Find out the solubility of `Ni(OH)_2` in `0.1 M` NaOH Given that the ionic product of `Ni(OH)_2` is `2xx10^(-15)`.

Suppose the solubility of `Ni(OH)_(2)` in 0.10 M NaOH = s mol `L^(-1)`
`Ni(OH)_(2)` in the solution dissociates as :`Ni(OH)_(2) hArr Ni^(2+)+2OH^(-)`.

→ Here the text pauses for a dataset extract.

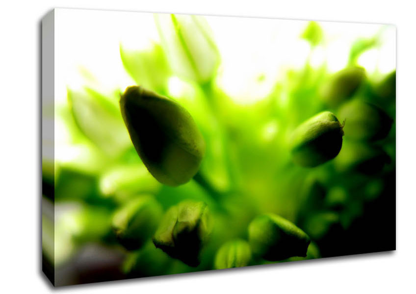 Green Buds In Sunlight Canvas Print handmade in the UK. Stretched over a 2 inch thick wooden box frame, ready to hang on your wall.

Thus, s mol `L^(-1)` of `Ni(OH)_(2)` in the solution gives s mol `L^(-1) ` of `Ni^(2+)` ion and 2 s mol `L^(-1)` of `OH^(-)` ions. But `OH^(-)` ions are also produced from NaOH . As NaOH dissociates completely , `OH^(-)` from NaOH = 0.1 M . Hence, `[Ni^(2+)]=s "mol" L^(-1) and [OH^(-)]=2 s + 0.1 "mol " L^(-1) ~~ 0.1 "mol" L^(-1)` (`:'` 2 s is very small compared to 0.1 )
`K_(sp) ` of `Ni(OH)_(2) = [Ni^(2+)][OH^(-)]^(2)`
`:. s (0.1)^(2) = 2.0 xx 10^(-15 ) or s = 2.0 xx 10^(-13) "mol" L^(-1)`